# Comunicar gps mas pic...



## berja (Mar 22, 2009)

existe alguna forma de comunicar el gps con el pic, lo que yo quiero es lo siguiente, que el gps me diga el lugar donde estoy, no hace falta una rpesicion de 100%, quiero mediante unos auriculares que me diga donde estoy. es posible hacer esto? es decir... con el pic... si alguien me echa una mano por favor.


----------



## saiwor (Mar 22, 2009)

hola,
lo que se, esque hay gps de ultima tecnologia vienen con editor, es decir que hay mapas para vender, o puedes editarlo  agregarlo mas puntos.
Despues ese mapa ya hecho listo con sus cordenadas, lo cargas al gps, el gps lo pone como una plantilla para que te ubiques los puntos.... o las cordenadas (tu lo das el nombre. a las cordenadas)
....
saludos!


----------



## berja (Mar 22, 2009)

saiwor......

lo que yo quiero es hacer que me reproduzca por un auricular el abrrio lugar o que el gps este trasfiriendo. nose si me explico bien.
esto seria para meter en un baston que seria para los ciegos.
yo no se si se peude hacer eso... y si elpic me seriviria.


----------



## saiwor (Mar 23, 2009)

si es asi, el pic te puede como reproductor... no se....
Pero si quieres eso, tendras que hacer un programa (como prograamadores c++, visual basic,...etc) que ese programa identifique cada punto de cordenada con nombre marcado, dando una tolerancia (es decir cuando se esta acercando al punto marcado con nombre, digamos esta a unos 10metros, ya reproduzca el sonido deciendo: "a 10 metros de la avenida jum")....

Saludos!


----------



## Chico3001 (Mar 23, 2009)

No creo que un pic tenga la capacidad suficiente para generar Voz... a menos que sea un pic de 32 bits o con algun generador de voz externo.... aun asi los calculos son muy complejos, tienes que cargarle mapas electronicos para que puedas traducir las coordenadas geograficas a calles que despues ira leyendo, y aun falta lo mas importante.... como hara el ciego para introducir la ruta que quiere seguir?


----------



## berja (Mar 23, 2009)

no hace falta que sea tan complejo, es decir el lugar mismo.
el ciego no pondrala ruta... hare que al pulsar un boton le diga cerca de donde esta, o donde esta... mediante un auricular... el tema seria... el pic me ayudaria para generar voz, y que me diga el lugar. asi Como "Avenida san luis" algo asi. o "Iglesia san jorge" se peude hacer eso.?


----------



## fernandoae (Mar 23, 2009)

Un micro PIC no reproduce voz! Solo sonidos muy basicos.


----------



## Chico3001 (Mar 23, 2009)

Y ademas un GPS no te da calles... solo te da coordenadas geograficas en forma de latitud, longitud y altitud... 
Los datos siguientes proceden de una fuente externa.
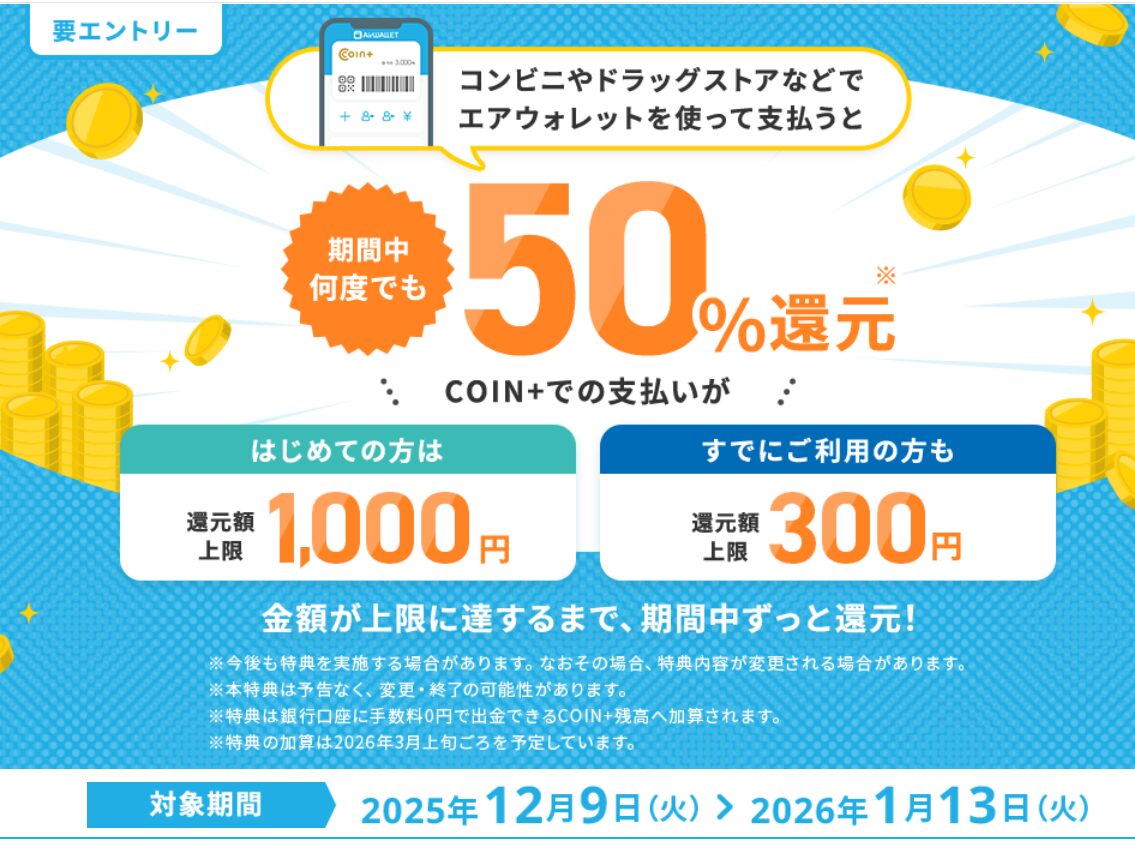 50%還元のキャンペーンも開催中です(還元の上限は初回登録者1,000円、既存会員は300円)。エアウォレットは本当にこんなキャンペーンがよく来るので、ローソン利用者にはマジで神です。

A menos que hables de un GPS terminado con los mapas ya cargados... pero para sacarle datos a uno de esos va a ser complejo


----------



## berja (Mar 23, 2009)

si estaria usando un gps ya con mapas cargados... lo que quiero es que me diga mediante un auricular nomas el lugar... o valle... donde este aproximado... nose que usar.. si un pic, pero este hace cosas muy basicas nomas.


----------



## fernandoae (Mar 23, 2009)

sacarle datos a un gps no es nada dificil, la mayoria trae puerto serie(o usb los mas nuevos, incluso wifi y bt).

Con una notebook se puede solucionar facil, todo es cuestion de soft.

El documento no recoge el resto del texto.